▸ **Brief**
Copy the opening lines of the listing exactly, through and including the line with "最新RPO(合同履约余额)会在后续不同时间段内确认的金额(分未来 12 个月,未来"; do not copy any pictures.

▸ **Dataset extract**

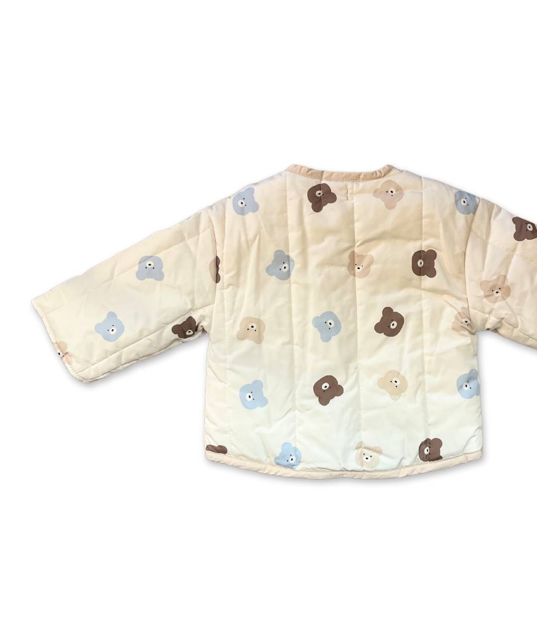 Die Baby-Steppjacke BJOR ist weich gepolstert und angenehm leicht zu tragen. Die glatte Oberfläche fühlt sich sanft an, das dezente Allover-Motiv mit kleinen Bären und leichten Farben wirkt ruhig und stimmig.
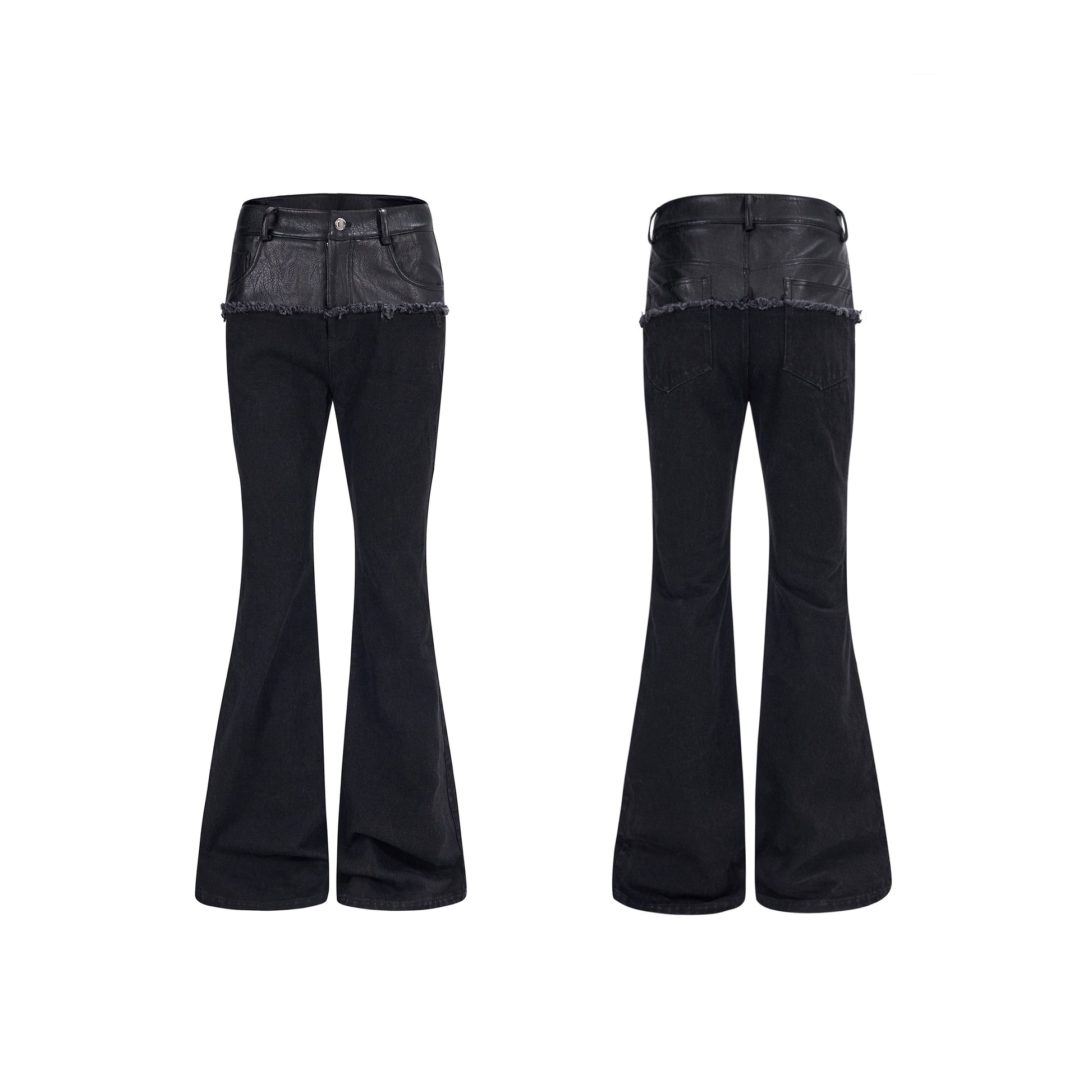 【25s Sep.】High Street Paneled Leather Bootcut Jeans
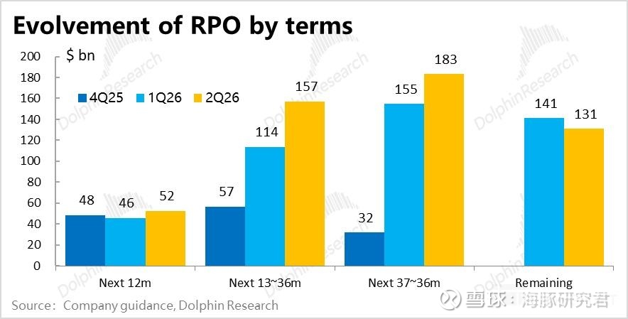 最新RPO(合同履约余额)会在后续不同时间段内确认的金额(分未来 12 个月,未来 13~24 个月等 4 段区间),大致匹配 FY26 财年,FY27~28 两年,FY29~30 两年的收入指引,可以看到:
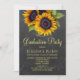 Rustic country style PHOTO graduation party stylish invitation template on dark grey charcoal chalkboard background featuring big yellow gold sunflowers bouquets. Fill in your information in the spots, You can choose to customise it further changing fonts and colours of lettering. ---- The invitation is suitable for outdoor garden / backyard rustic country graduation parties. --- If you need assistance, please contact me!
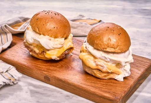 Dos huevos pochados dentro de pan de papa, carne angus, queso americano, alioli ahumado con tocineta.
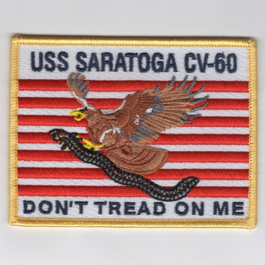 This is the color version of the famous “Don’t Tread on Me” flag worn on the flight suit sleeve by those who served onboard USS SARATOGO (CV-60). A few years ago, a directive from the US Navy was released that these are now an authorized flag that can be worn on their flight suits (unconfirmed). This patch does not come with velcro attached.
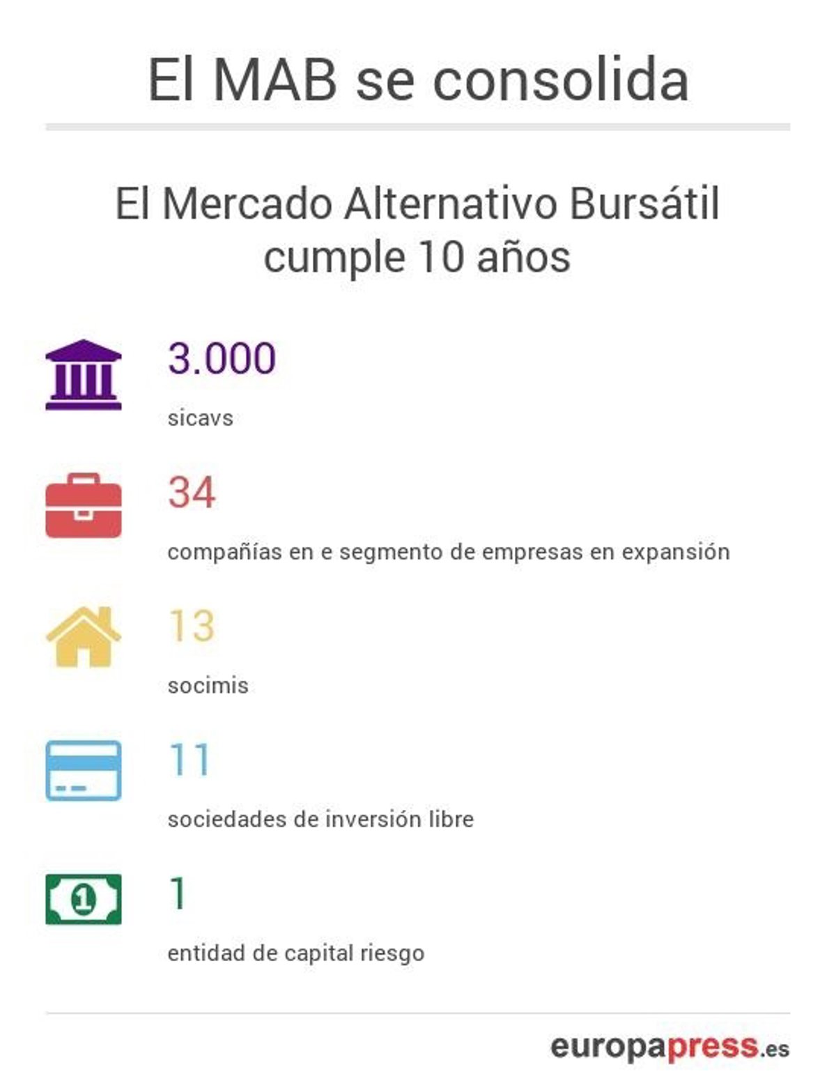 El Mercado Alternativo Bursátil (MAB) cumple este domingo diez años con más de 3.000 sicavs cotizando en él, 34 compañías en el segmento de empresas en expansión, 13 socimis, 11 sociedades de inversión libre y una entidad de capital riesgo.

▸ **Exercise result**
 Die Baby-Steppjacke BJOR ist weich gepolstert und angenehm leicht zu tragen. Die glatte Oberfläche fühlt sich sanft an, das dezente Allover-Motiv mit kleinen Bären und leichten Farben wirkt ruhig und stimmig.
 【25s Sep.】High Street Paneled Leather Bootcut Jeans
 最新RPO(合同履约余额)会在后续不同时间段内确认的金额(分未来 12 个月,未来 13~24 个月等 4 段区间),大致匹配 FY26 财年,FY27~28 两年,FY29~30 两年的收入指引,可以看到:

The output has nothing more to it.